The Strand of Family
Although it is made of thin, delicate strands, the web is not easily broken. However, a web gets torn every day by the insects that kick around in it, and a spider must rebuild it when it gets full of holes.
E.B. White
The Little Things
THE LITTLE THINGS. The click of your wife's makeup bottles and brushes in the bathroom in the morning, the subsurface sound of them, a kind of music. The accompaniments: the older boy's bedroom door opening and shutting in haste, a faucet running, a gust of wind in the eucalyptus, the last rain on the window. The little things are what we remember, what we know, of family life. Of life.
The large events have their place, but even the large events of a family's passage are assembled from little things. The rush to the emergency room and the way the air feels there and the brave little chin thrust up beneath the mask, the small choked cry and the soundespecially this soundof the thread being pulled through the wound, and the way the little hand holds tight to your finger. The little things.
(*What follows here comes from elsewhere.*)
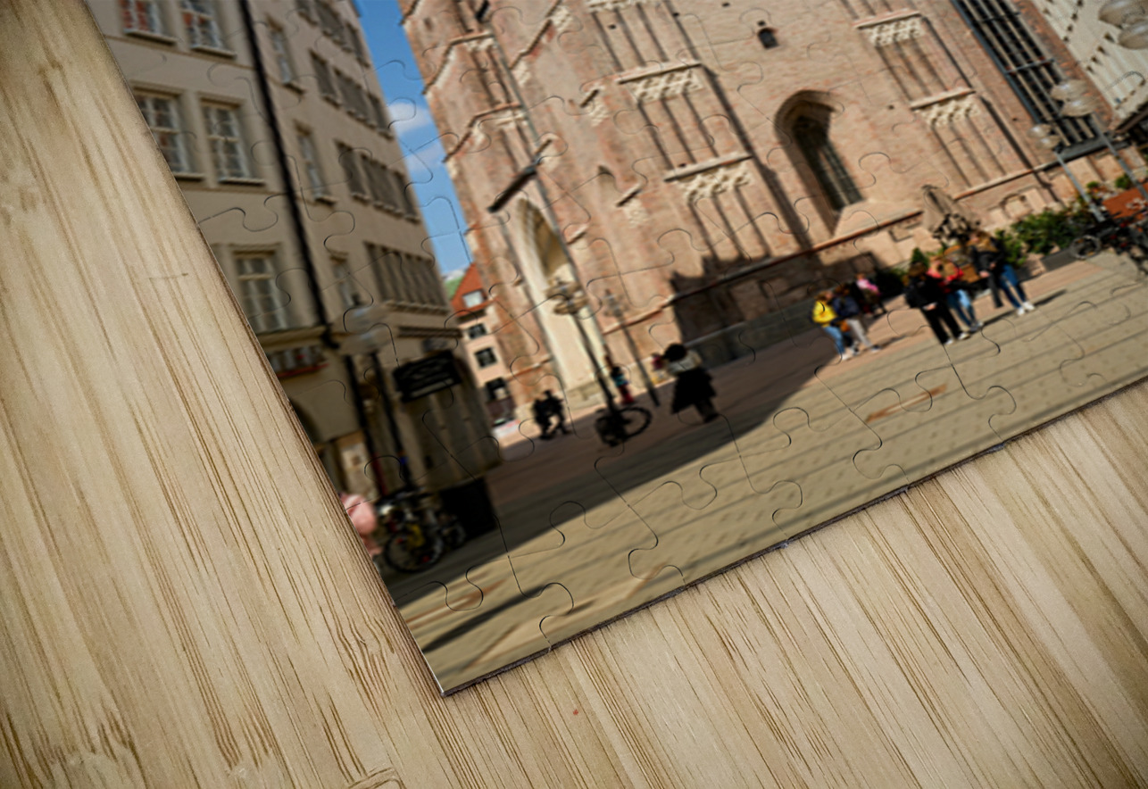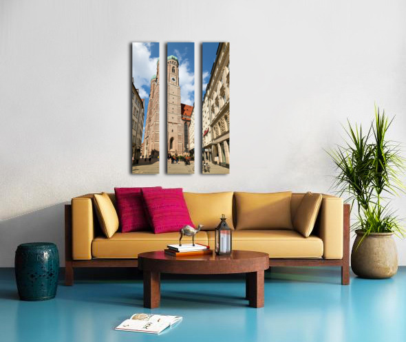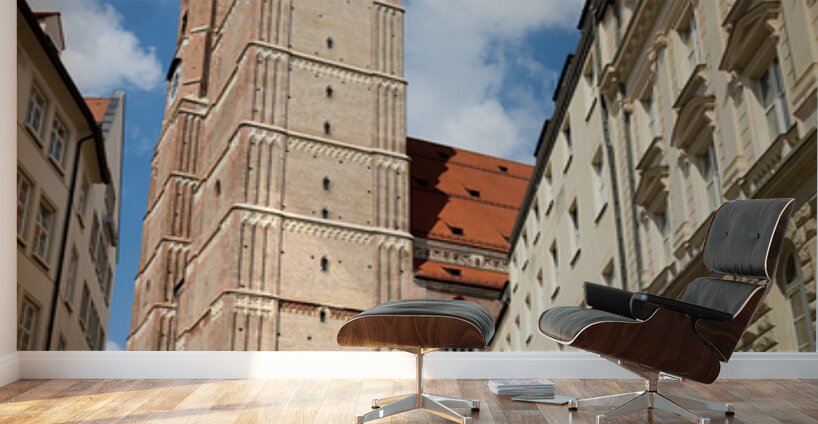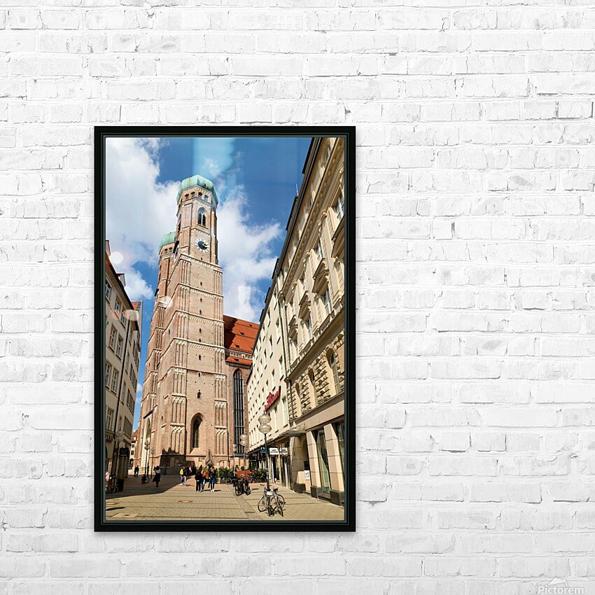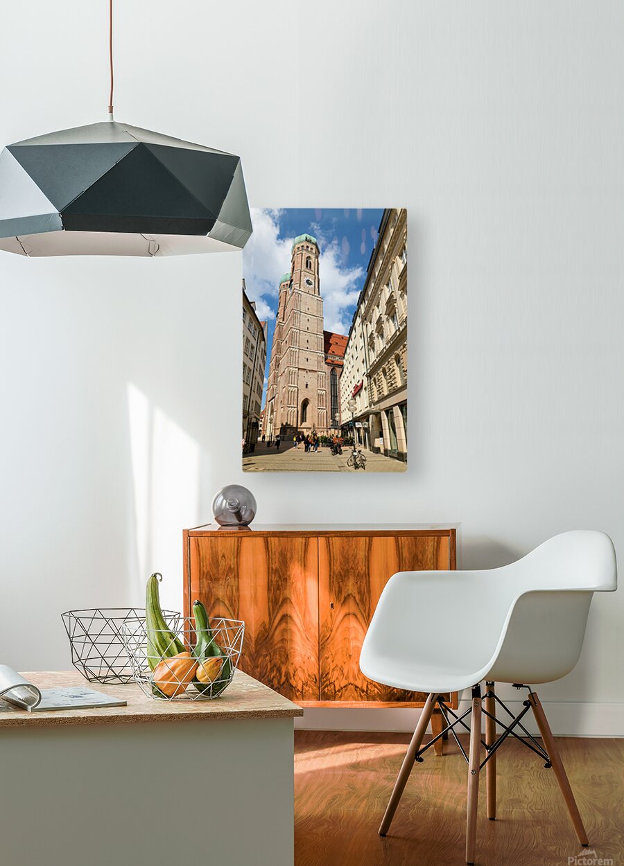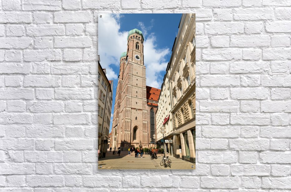 People walk around the Frauenkirche in Munich Germany. The sky is blue and the architecture is tall and historic.

Without realizing it, we can neglect the little things.
Though I have never divorced and my vow is for life, I have like most people experienced a broken relationship or two. Grief does not attach itself so much to the empty space left by the other person, a loss often too abstract to grasp, but to the little things. The vertical space in the closet where familiar clothes once hung. The smell on the pillow or, on the street, a stranger's accent that conjures up a silenced voice.
When our parents and loved ones die, little things come back. Returning home after a death, you find a quilt that wrapped around you long ago, and you remember how the hands felt as they tucked you in. You find yourself startled by the way the dishes are arranged in your parent's kitchen cabinet; you are surprised because you know the arrangement, and you did not know it was so familiar until you looked at it within the context of loss.
The impression most remembered from my grandmother's death is not of the large fact of her body in the casket, but of coming into her cold kitchen a few days afterward and seeing the jar of mincemeat cookies, which she often made for me and my brother. In the jar, then, they were covered with mold.